Uno studio condotto nel 2009 da esperti del settore energetico dell’Università di Santiago[1],
dimostra chiaramente come il progetto HidroAysén non sia una necessità. Secondo le stime della
Commissione Nazionale sull’Energia il fabbisogno energetico del Cile nel 2025 sarà pari a 22.736
MW. In Cile ci sono 4 reti elettriche di distribuzione, lo studio si sofferma sul Sistema di
Interconnessione Centrale (SIC) che attualmente serve il 92,5% della popolazione. La capacità di
generazione del SIC è attualmente pari a 9.118 MW.

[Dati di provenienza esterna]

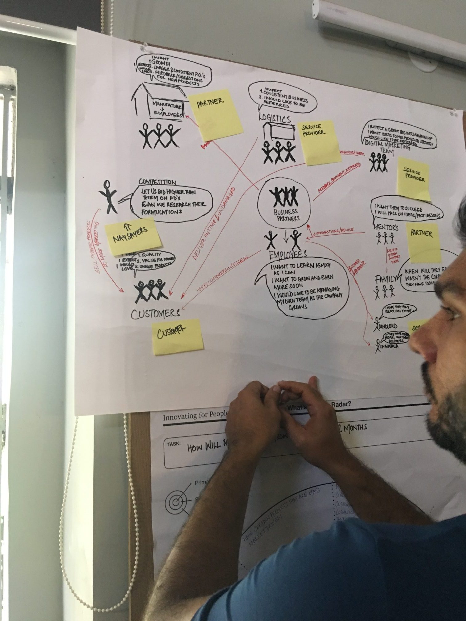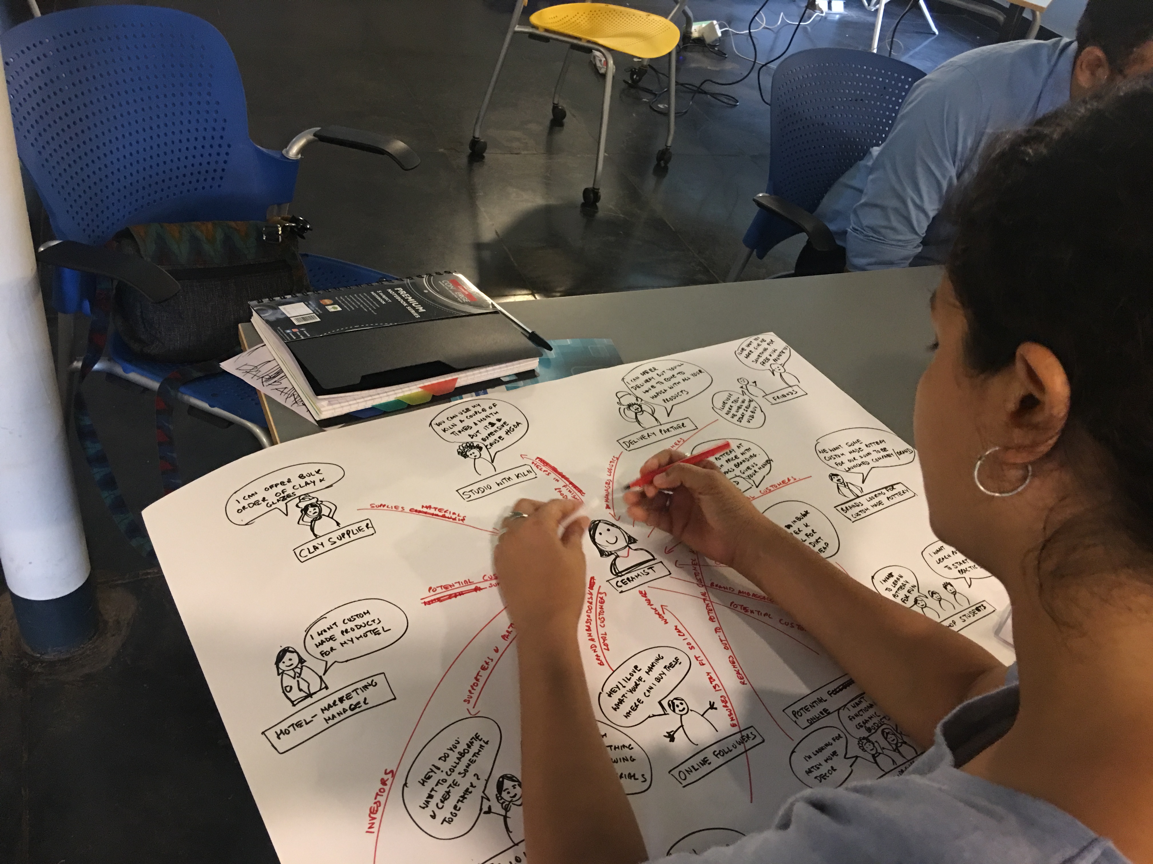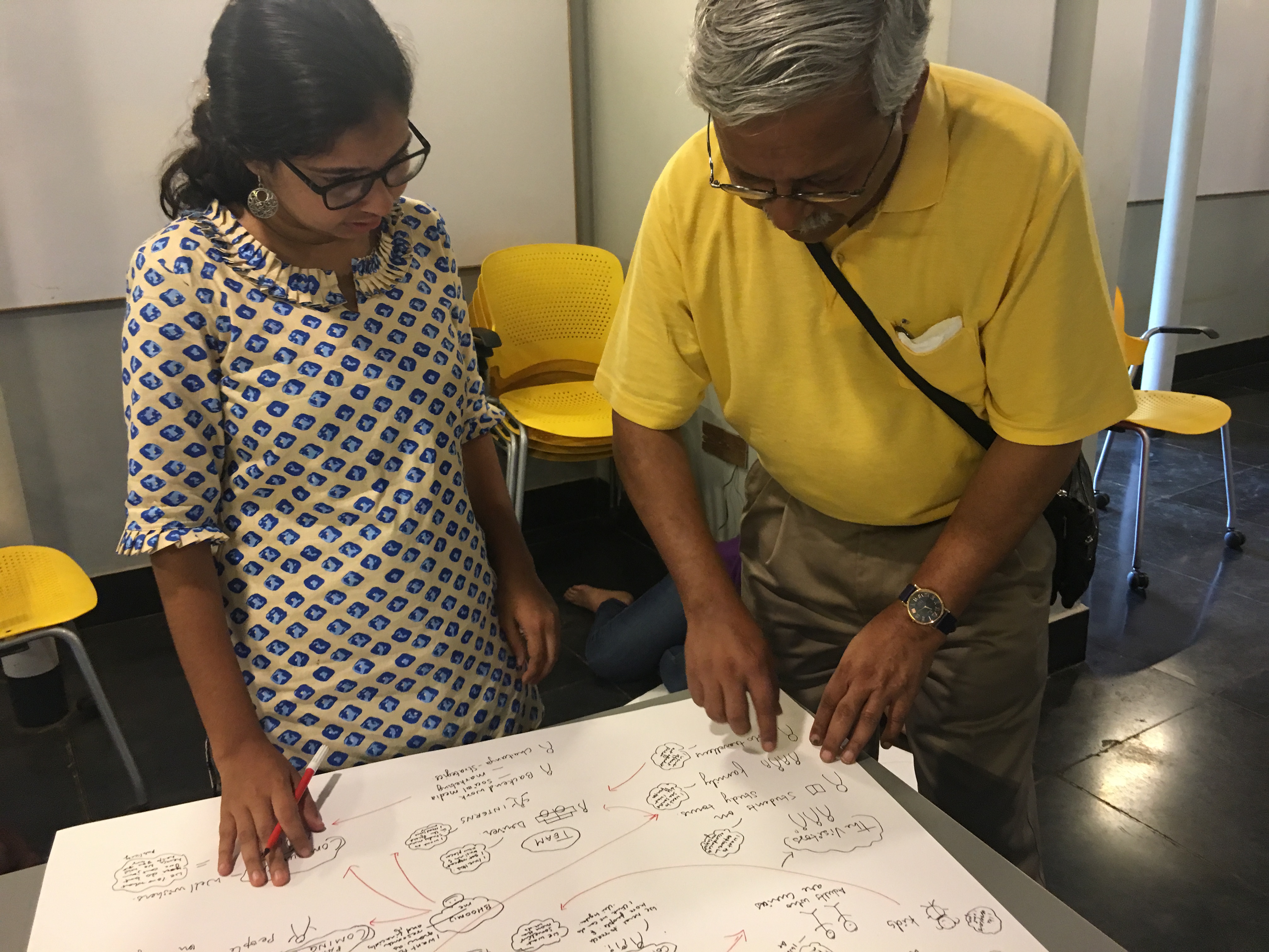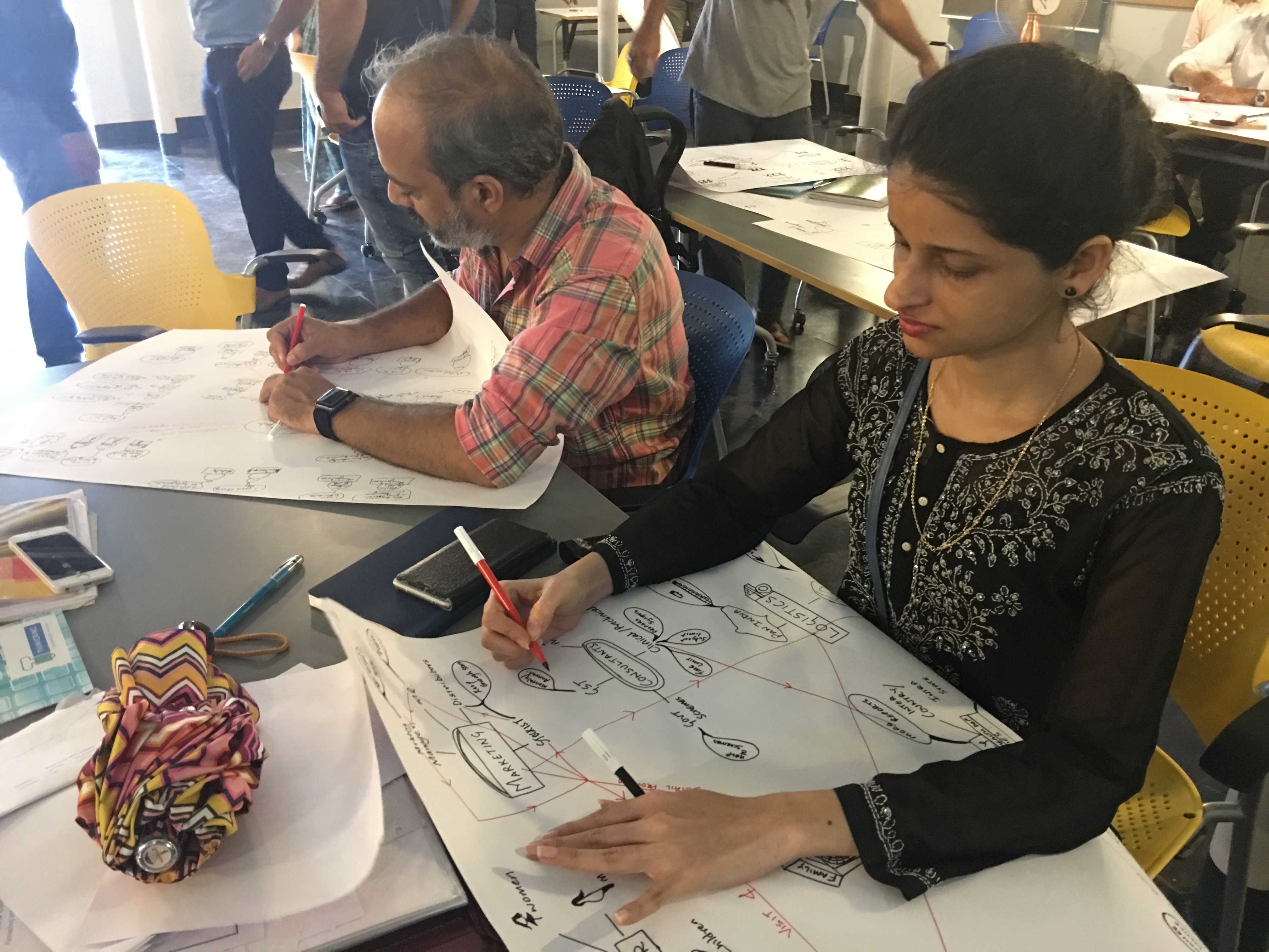 ‘Affinity Clustering’ the exercise that followed, was a convergent activity. Poring over the maps they had drawn, participants clubbed together processes and synergistic activities. Logical relationships were linked and circled. The ubiquitous design thinking tool–the post-it– made its appearance in this stage. The post-it allowed participants to rapidly regroup and ungroup business specific processes as they worked. Bit by bit, the chaotic looking stakeholder map was tamed to a more manageable state.

Lo studio esamina tutti i progetti di generazione già approvati dalle agenzie governative calcolando
che essi immetteranno nelle rete elettrica centrale ulteriori 13.962 MW. A questi si aggiungono
altri progetti già in fase di valutazione ambientale che porteranno la capacità di generazione
elettrica nazionale a 23.080 MW, un potenziale addirittura maggiore delle stime della
Commissione. Ma non è tutto. Queste proiezioni non tengono conto dei nuovi investimenti nel
campo dell’ energia rinnovabile non convenzionale, che potrebbero aumentare la capacità di
generazione fino a 4565 MW.
Ma allora a chi serve veramente il progetto HidroAysén?
La storia del progetto HidroAysén ne ricorda tante altre. In America Latina, così come in Asia ed in
Africa il mito delle grandi infrastrutture ha attraversato, fra alti e bassi la storia dal secondo dopo
guerra ad oggi. Un mito profondamente legato alla modello energetico centralizzato ancora oggi
alacremente perseguito dalla maggior parte dei governi.
Sulle grandi dighe le compagnie occidentali hanno tratto enormi profitti, e continuano a farlo, molto
spesso con l’aiuto dei contributi pubblici destinati allo sviluppo.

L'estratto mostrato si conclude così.